Diagnostic Radiology
Inflammatory bowel conditions Both barium studies and ultrasound have a useful role to play in the management of patients with inflammatory bowel disease. Diagnosis is generally made with conventional barium X-ray studies, while ultrasound may be used to monitor disease and identify extraluminal complications of the disease. Crohn’s disease is a common cause of inflammation affecting the small bowel and particularly the terminal ileum. It usually presents with pain, diarrhoea and weight loss. The terminal ileum/ileocaecal junction is involved in the majority of cases, and thickened, hypoechoic bowel wall can often be demonstrated in this area.
Ultrasound may be used to identify complications of Crohn’s disease, screen patients at risk, and monitor patients for recurrence of disease following surgery. Crohn’s disease affects the entire thickness of the bowel wall, and one of the common complications is that of intramural abscesses. These can sometimes be seen within the thickened wall as gas-containing, highly echogenic areas. When large, they may perforate, resulting in an ill-defined collection of pus, which may be drained percutaneously.
Fistulae are another complication of Crohn’s, and are easier to demonstrate with contrast radiography. Ulcerative colitis affects the mucosa, rather than the whole wall. On ultrasound it produces a thickened, stratified hypoechoic wall, unlike Crohn’s, in which the entire thickness of the wall is affected. A wall thickness greater than 3 mm is considered abnormal. Like Crohn’s, small ulcer craters within the wall of the colon in ulcerative colitis may appear as hyperechoic gas-filled foci. Inflammatory bowel diseases increase the perfusion of the intestine, decreasing vascular resistance.

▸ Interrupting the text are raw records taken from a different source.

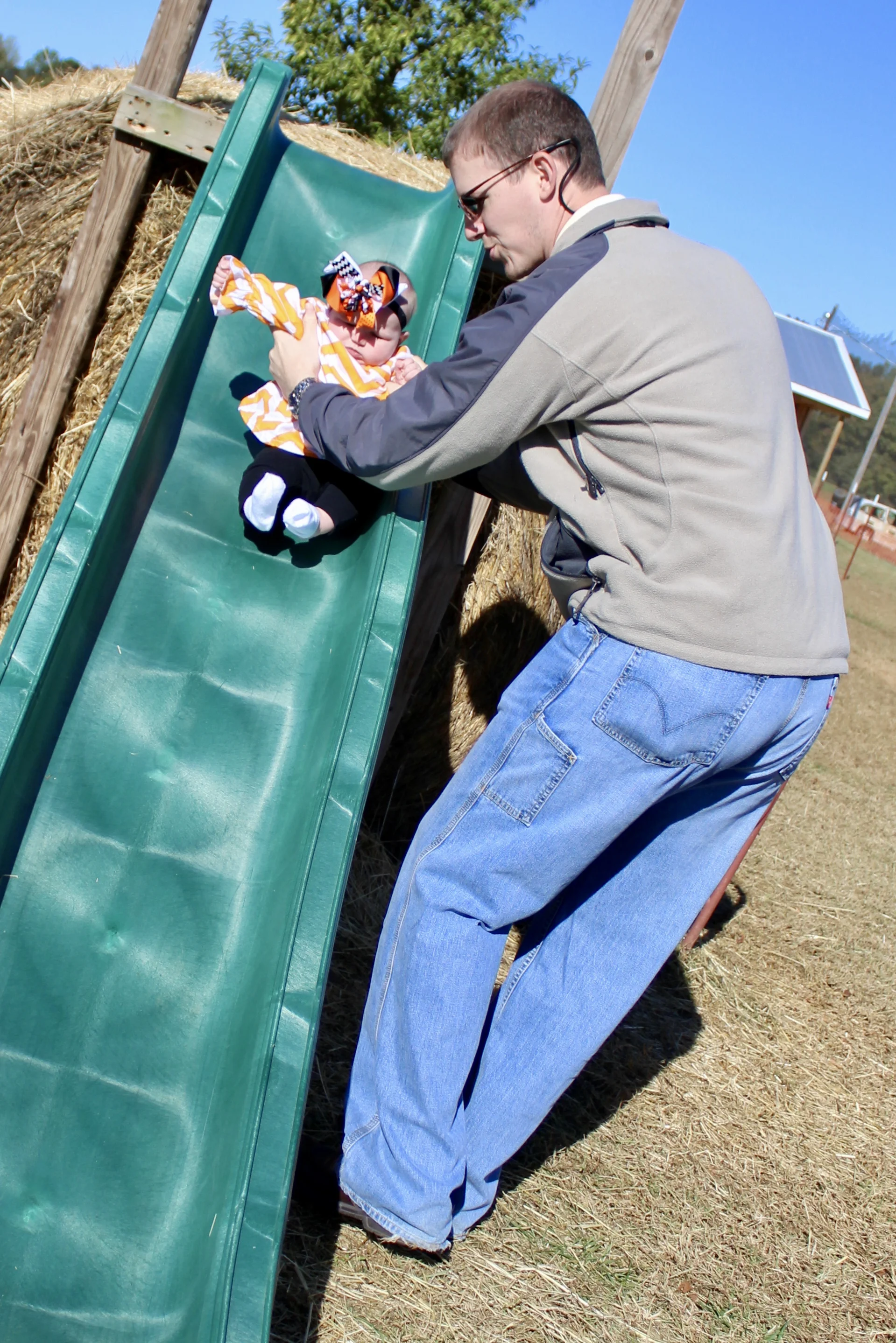 After swinging, the dads let the girls ride down the "small" slide. Our goal before the end of the day was to ride down the big slide with the girls, but the lines were way too long.
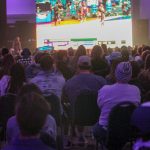 - Wildcat fans fill a room in the Abilene Convention Center to watch their team compete against the Bruins. (Photo by Riley Fisher)
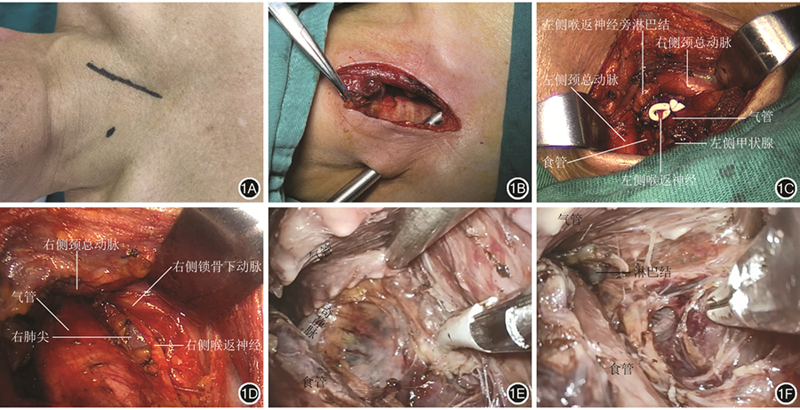 笔者中心也对常规IVMTE进行改良。见图1。以左侧颈部切口为主要操作路径,右侧微小切口作为辅助路径,其手术过程如下:在左侧胸锁乳突肌前缘行6~7 cm切口,逐层切开皮肤及皮下组织,钝性游离肌群,显露甲状腺下极、气管及双侧喉返神经,清扫双侧颈部淋巴结。右侧胸锁乳突肌前缘平左侧切口中点处行微小切口,置入5 mm Trocar,左侧切口置入切口保护套,并外套手套建立封闭腔隙,手套指头处连接3个12 mm Trocar,纵隔内充气(8 mmHg,流量为10 L/min),左侧置入吸引器、腔镜镜头、马里兰钳,右侧置入拉钩。沿食管壁按照“左-前-右-后”的顺序向下游离至隆突水平甚至下肺静脉水平,并清扫双侧喉返神经旁淋巴结、食管旁淋巴结、气管支气管旁淋巴结(No.106tbL组)、隆突下淋巴结。笔者认为:经左侧颈部切口直视下清扫双侧喉返神经旁淋巴结没有技术难度。吸引器和拉钩配合可以获得较满意的显露,并解决烟雾对手术区域的干扰,降低手术难度。
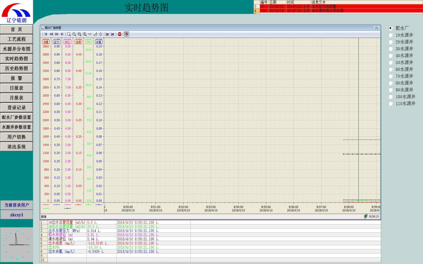 将所采集到的压力、流量、液位等参数,通过曲线的形式展示。了解当前参数的******小值及变化趋势,根据实际的需要可以自己选取想要显示的流量、压力曲线、曲线显示的类型、显示曲线的时间间隔、某一曲线段的放大、曲线段的打印、列表的隐含,为安全运行生产提供必要的曲线依据。
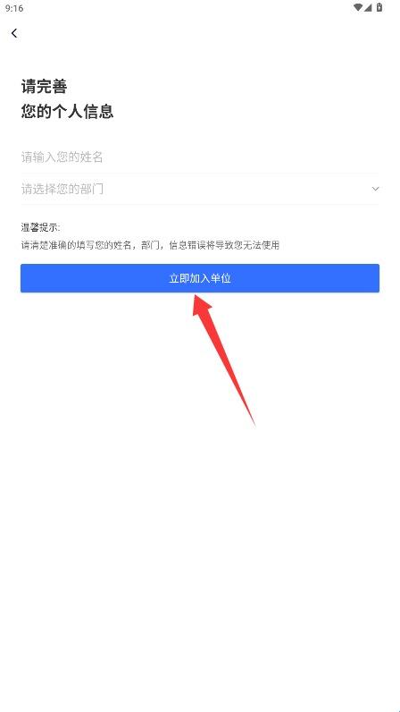 4、完善个人信息,包括真实姓名和所属部门,最后点击立即加入单位完成单位绑定流程。
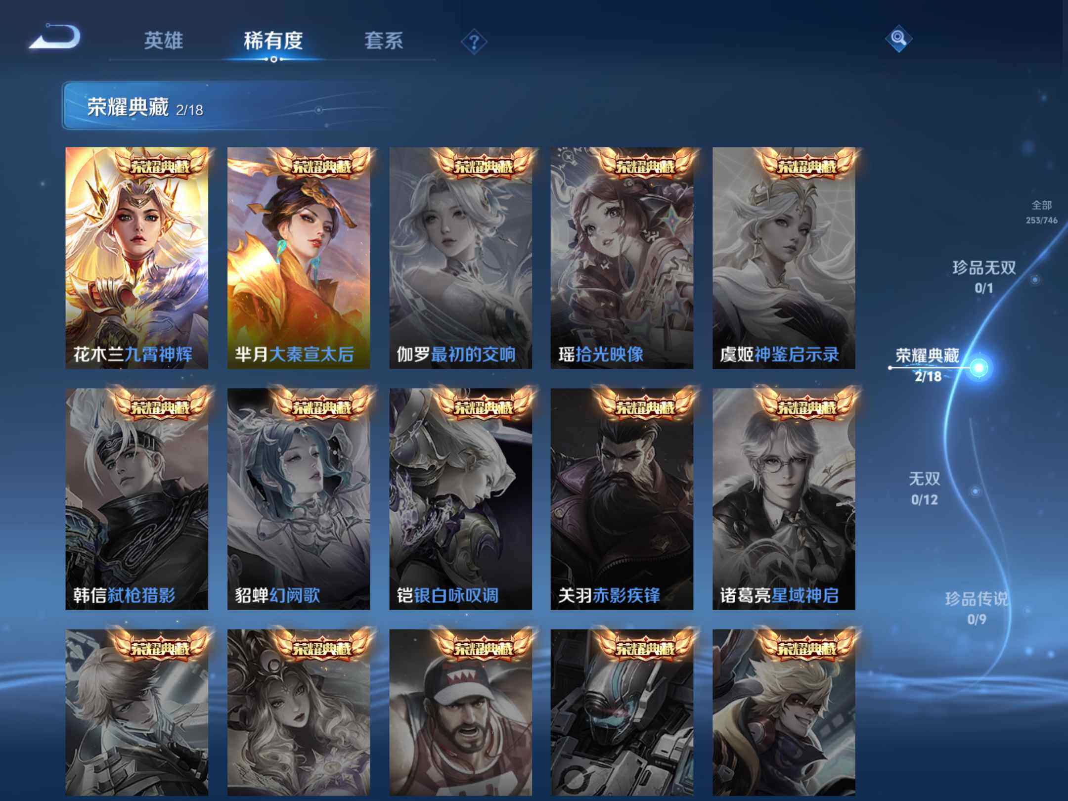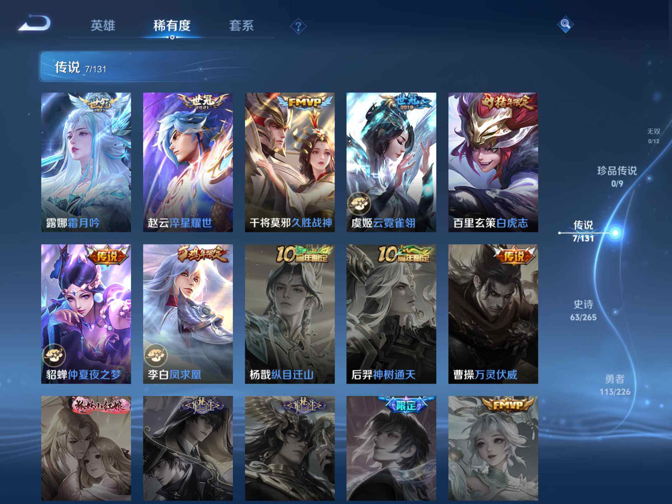 _2294899-q-v7-最强王者段位-125英雄-253皮肤-2典藏-7传说-63史诗 【英雄全皮】:狂铁全皮 【荣耀典藏】:芈月大秦宣太后,花木兰九霄神辉 【传说皮肤】:露娜霜月吟,赵云淬星耀世,干将莫邪久胜战神,虞姬云霓雀翎,百里玄策白虎志,貂蝉仲夏夜之梦,李白凤求凰 【限定皮肤】:白起狰,狄仁杰阴阳师,虞姬凯尔特女王,赵云皇家上将,嬴政优雅恋人,鲁班七号狮舞东方,庄周蜃楼王,庄周高山流水,孙膑妖精王,扁鹊炼金王,芈月重明,周瑜赤莲之焰,元歌云间偶戏,元歌无心,夏侯惇朔风刀,甄姬游园惊梦,曹操烛龙,典韦穷奇,典韦蓝屏警告,狄仁杰魔术师,狄仁杰万华元夜,达摩沙漠行僧,项羽海滩派对,老夫子醍醐杖,安琪拉魔法小厨娘,程咬金演武夺筹,王昭君午后时光,兰陵王驯魔猎人,兰陵王金庭之子,亚瑟潮玩骑士王,孙悟空大圣娶亲,牛魔御旌,李元芳银河之约,李元芳云中旅人,钟馗神迹守卫,钟馗驱傩正仪,杨玉环遇见飞天,女娲朔望之晖,雅典娜单词大作战,太乙真人饕餮,鬼谷子原初探秘者,苏烈千军破阵,百里玄策白虎志,百里玄策原初追逐者,弈星混沌棋,沈梦溪星空之诺,沈梦溪大漠名商,明世隐疑决卦,裴擒虎李小龙,裴擒虎擒涛扼浪,狂铁御狮,狂铁电玩高手,米莱狄御霄,云中君纤云弄巧,盾山御銮,猪八戒猪悟能,上官婉儿梁祝,嫦娥拒霜思,蒙犽狂想玩偶喵,鲁班大师探海日志,桑启海盐诗旅,艾琳女武神,阿古朵江河有灵,张良古海寻踪,鬼谷子天穹祈灯,沈梦溪龙舞盛年,刘邦剑破天穹 【年限皮肤】:百里玄策白虎志,李白凤求凰 【赛季限定】:庄周蜃楼王,孙膑妖精王,扁鹊炼金王,白起狰,芈月重明,夏侯惇朔风刀,曹操烛龙,典韦穷奇,狄仁杰万华元夜,达摩沙漠行僧,老夫子醍醐杖,程咬金演武夺筹,兰陵王金庭之子,张良古海寻踪,牛魔御旌,李元芳云中旅人,虞姬凯尔特女王,钟馗驱傩正仪,太乙真人饕餮,鬼谷子原初探秘者,苏烈千军破阵,百里玄策原初追逐者,弈星混沌棋,沈梦溪大漠名商,明世隐疑决卦,裴擒虎擒涛扼浪,狂铁御狮,米莱狄御霄,盾山御銮,鲁班大师探海日志,桑启海盐诗旅,鬼谷子天穹祈灯,刘邦剑破天穹 【战令限定】:鲁班七号狮舞东方,周瑜赤莲之焰,元歌云间偶戏,典韦蓝屏警告,王昭君午后时光,兰陵王驯魔猎人,亚瑟潮玩骑士王,李元芳银河之约,钟馗神迹守卫,女娲朔望之晖,雅典娜单词大作战,沈梦溪星空之诺,狂铁电玩高手,蒙犽狂想玩偶喵 【史诗皮肤】:鲁班七号电玩
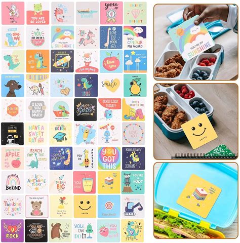 60Pcs Lunchbox Notes Kids Joke Cards Cartoon Lunch Box Cards For Parties Schools
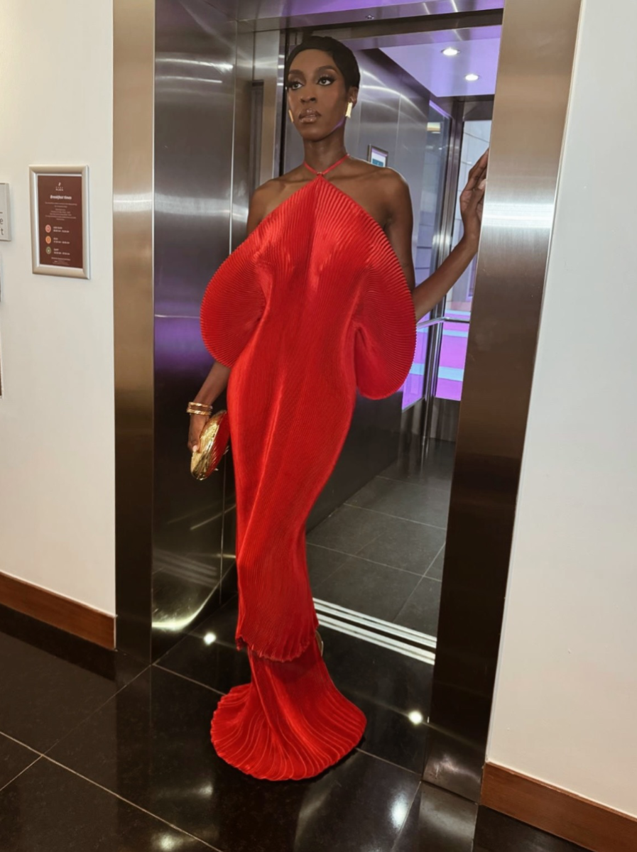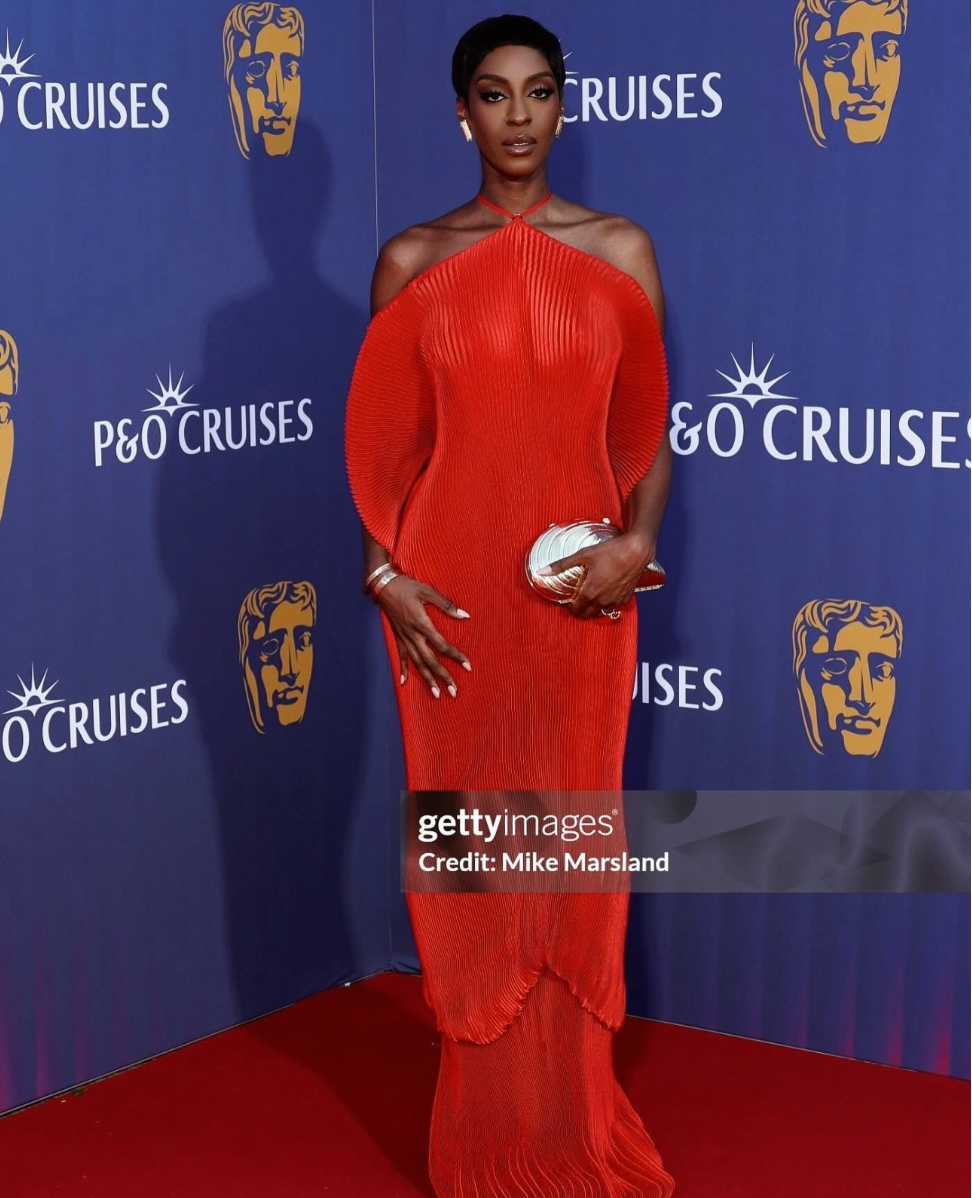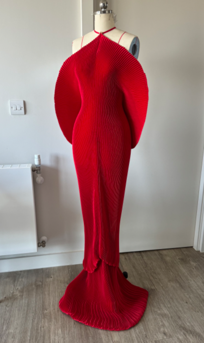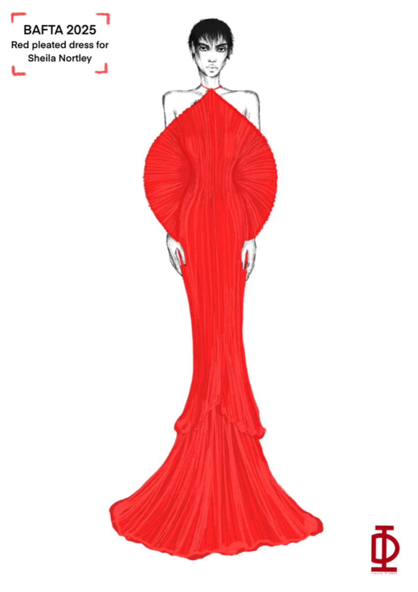 Worn at the 2025 BAFTA TV Awards Custom dress for Sheila Nortley – a producer from London and one of the UK’s brightest creative talents behind the camera, with work spanning internationally across film and television. Custom design for Sheila Nortley Created a bespoke silk gown worn by UK producer Sheila Nortley at the 2025 BAFTA TV Awards. The piece was constructed using Ivanna Diadyk's signature hand-pleated technique, combining sculpture and movement in a bold crimson silhouette.
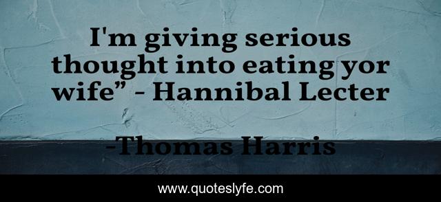 This page presents the quote "I'm giving serious thought into eating yor wife” - Hannibal Lecter". Author of this quote is Thomas Harris. This quote is about horror, suspense, thriller,.
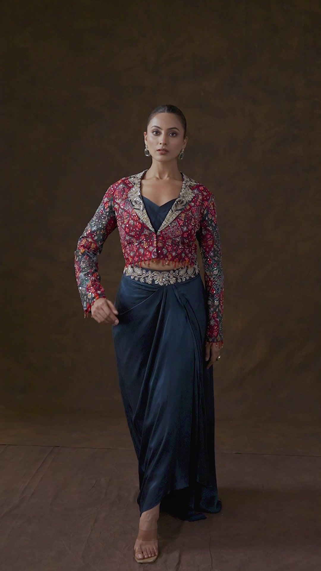 Navy Teal Embellished Chinon Silk Drape Skirt Set
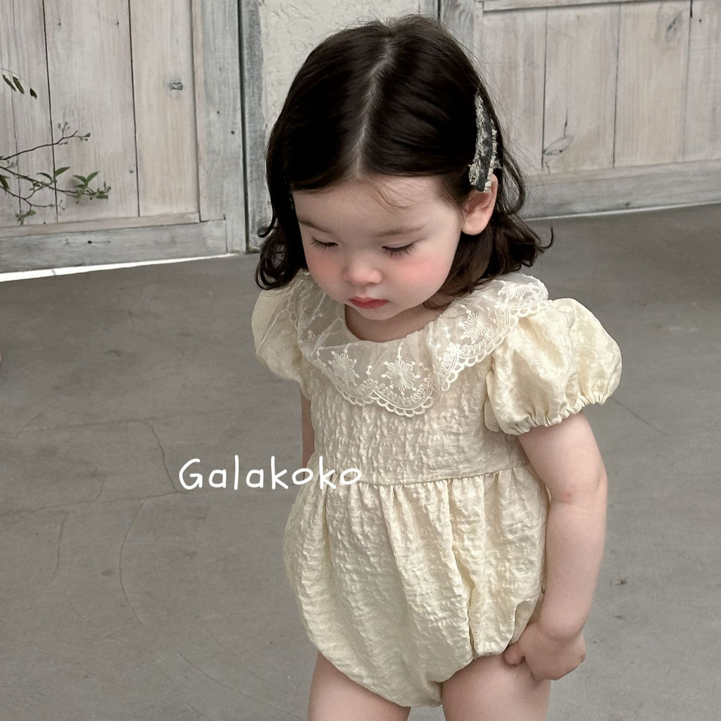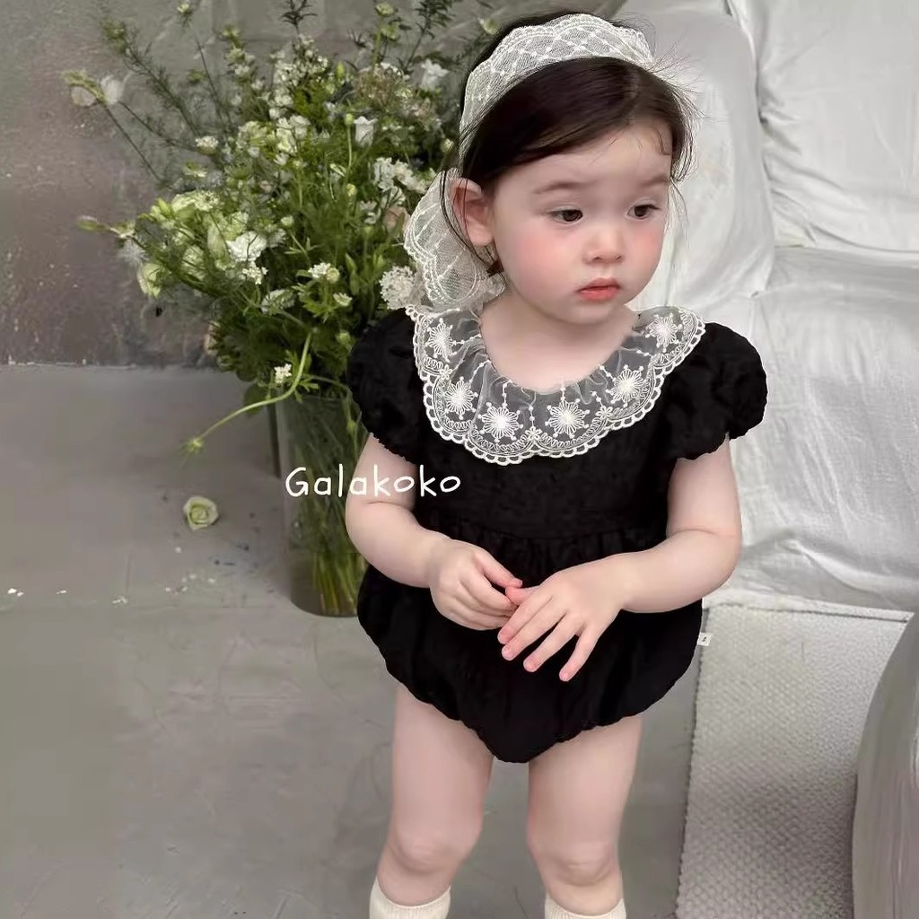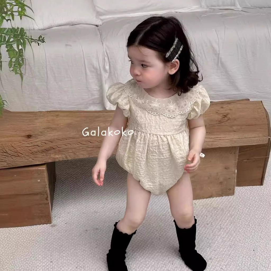 สไตล์เกาหลีทารกแรกเกิดเสื้อผ้าเด็กทารกบอดี้สูทลูกไม้คอปกแขนสั้นเด็กวัยหัดเดินสาว ชุดรอมเปอร์ 0-24เดือน

Hypervascularized bowel wall has been identified in both Crohn’s and ulcerative colitis24 compared with normal subjects. Doppler of the SMA has revealed an increase in flow velocities (both peak systolic and end diastolic) and a decrease in resistance index in numerous types of pathological bowel, including Crohn’s. However the lack of specificity limits its use in clinical work. Changes in resistance index have been found to be related to the activity of Crohn’s disease, which could prove valuable in monitoring patients with known disease.
Diverticulitis may also be recognized on ultrasound as outpouchings from the bowel wall, most commonly affecting the sigmoid colon. Perforation of a diverticulum may give rise to a diverticular abscess, although the presence of air makes ultrasound limited in its evaluation of this condition.